The Q2 earnings season is about over. The big story has been the selling we have seen of stocks after they report. The average stock has fallen 0.71% on its earnings reaction day, the worst in 10 years.
The reports themselves were quite good. Entering earnings season the projection for the quarter was for S&P 500 earnings to fall 7.2%. The final number is about a 5.2% decline (source: FactSet). Sixty-nine percent of companies beat consensus analyst EPS estimates while 62% beat sales estimates. An equal percentage of companies raised or lowered guidance (10%). Now that earnings season is over, stocks will have to react to other news.
The jump in the year-over-year July CPI reading was due to base effects as some of the worst readings from spring of last year rolled off the tally. With the year-over-year CPI rising in July, it ended a streak of 12 monthly declines, the longest streak of monthly year-over-year declines on record dating back to 1930. Not until early 2024 will year-over-year rates begin falling again if we manage to stay in the 0.1% – 0.2% range on a month-over-month basis.
Fed Chair Powell believes consumer inflation expectations are a leading indicator for actual inflation, and he wants to see expectations stable and ideally trending down towards 2%. The current consumers’ one-year forward inflation expectations have dropped to 3.3% year-over-year.

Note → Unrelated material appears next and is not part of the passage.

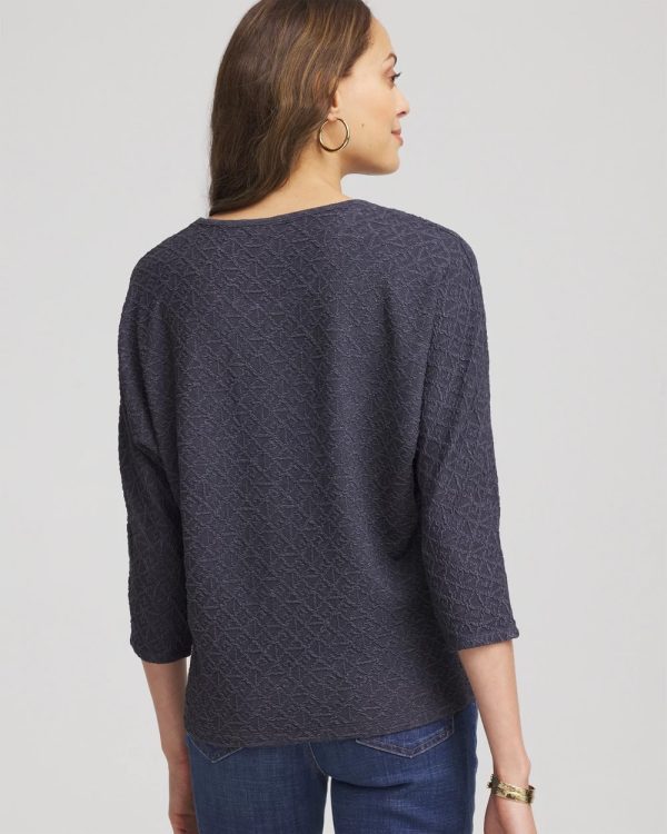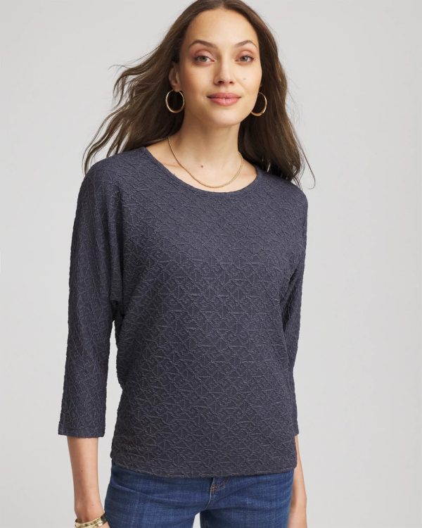 The Textured Tapered-Hem Top is cut from Chico’s luxurious jacquard fabric, crafted to look and feel elevated. This relaxed, dolman sleeved top with a slightly tapered waist can be paired with almost any pants—high or mid-rise to create a smooth silhouette. For a monochromatic style wear with the season’s matching slim pants.
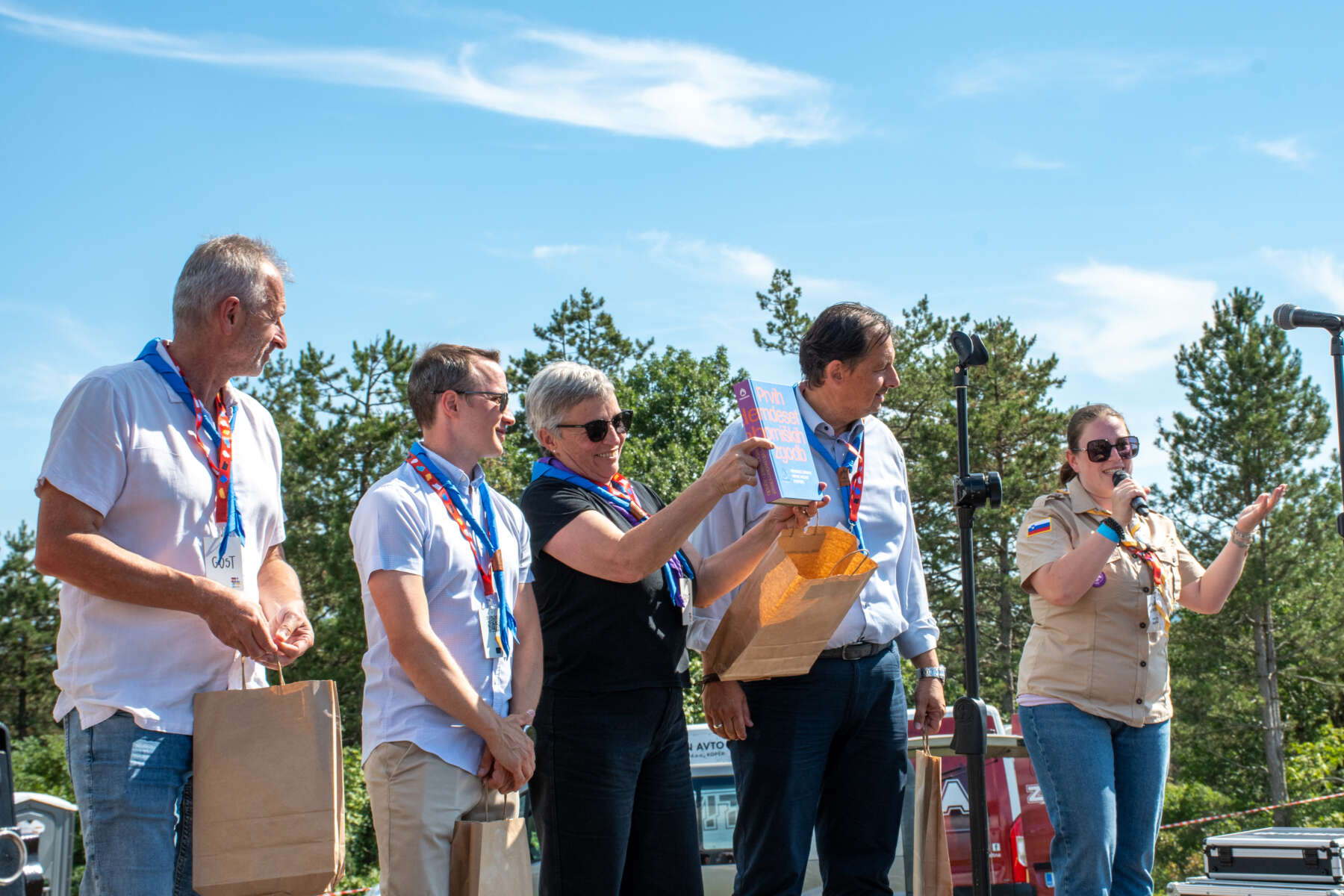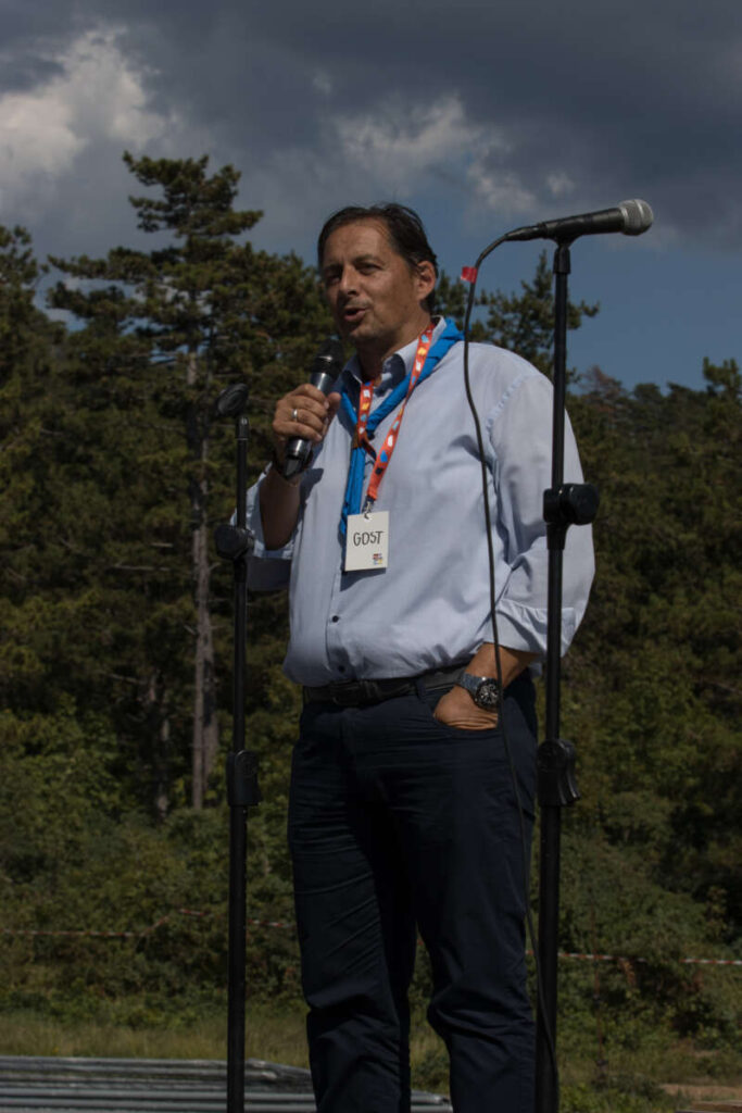 V četrtek, 31. 7. 2025, smo se na zletnem prostoru v Kazljah zbrali vsi udeleženci in prostovoljci 17. Zleta Zveze tabornikov Slovenije. Zgodaj popoldan so nas na prizorišču obiskali predstavniki okoliških lokalnih skupnosti in nam pomagali otvoriti prostor. Obiskali so nas gospod Matej Glavina, podžupan občine Sežana, gospod Erik Modic, župan občine Komen, gospod Mario Benkoč, podžupan občine Divača, gospa Vanja Jelen, podžupanja občine Sežana in gospod Andrej Sila, župan občine Sežana. Ob prihodu sta jih sprejela Rok Pandel, načelnik Zveze tabornikov Slovenije, in Nina Kapelj Lukman, vodja Zleta, ki sta jih popeljala po prostoru in jim predstavila zletno dogajanje. Župan občine Sežana je na otvoritvi prostora nagovoril navzoče udeležence in prostovoljce. Zaželel nam je veliko veselja in uživanja na Krasu ter pohvalil zelo uspešno sodelovanje med lokalnimi skupnostmi, občinami in taborniki. Iskreno se zahvaljujemo vsem predstavnikom lokalnih skupnosti, brez katerih organizacija Zleta 2025 ne bi bila mogoča.

What is notable about the 3.3% number is that it is below the 45-year average reading of 3.6%, and well below last year’s 5% expectation. This is a good number for investors hoping for an end to the Fed’s tightening cycle.
However, the ‘CPI Nowcast’ model run by the Cleveland Fed is projecting a month-over-month increase of 0.77% for the headline August CPI release! The jump can be attributed to the sharp increases lately in oil and gasoline. Powell’s focus will be put to the test if the August reading comes in anywhere near 0.77%. It is a white hot number that will make headlines. We think the forecast August number by the Cleveland Fed is too high because of dramatically falling rents. The markets are currently projecting an 11% chance of a September rate hike which we think is too low.
We recently took a look at historical market performance with a long-term perspective. As shown in the chart below, the annualized returns of the S&P 500 over the last one, five, and ten years are only modestly above their long-term averages while two-year and twenty-year returns are below their historical average. Does this look like a market that is unanchored from reality as the bears claim? Not at all, in our view.
S&P 500 Current vs Average Total Returns 1928-2023
Source: Bespoke Investment Group
And performance of the Treasury market has been disappointing. If you have owned a 10-year Treasury for the last five years, even including coupon payments, you have lost money.
WHY DIVIDEND STOCKS ARE SO WEAK
With Treasury yields high, stocks with low-growth characteristics that are more known for their high dividend payouts are massively underperforming this year.
As shown below, the average stock in the S&P 500 is up roughly 10% YTD (a lot lower than the index return of 17% YTD). But the highest dividend payers are down 3.5%, and the 100 stocks in the index that don’t pay dividends are up an average 20.43%, as shown below:
Average Total Return YTD % 2023- a/o 8/11/23
Source: Bespoke Investment Group
High dividend paying stocks typically provide competitive returns. What has changed is the level of interest rates. Three years ago the dividend yield on the S&P 500 was much higher than Treasury yields. Today the S&P 500 dividend yield is below all Treasury yields. See this reversal in the bar charts below:
Treasury Yields vs. S&P 500 Dividend Yield (8/11/20)
Treasury Yields vs. S&P 500 Dividend Yield (Today)
Source: Bespoke Investment Group
We like dividends as much as other stock investors. We view them as a sweetener to buy, but never the main reason to buy a stock. Dividend yields are only one metric we use of many to analyze the attractiveness of a stock for client portfolios.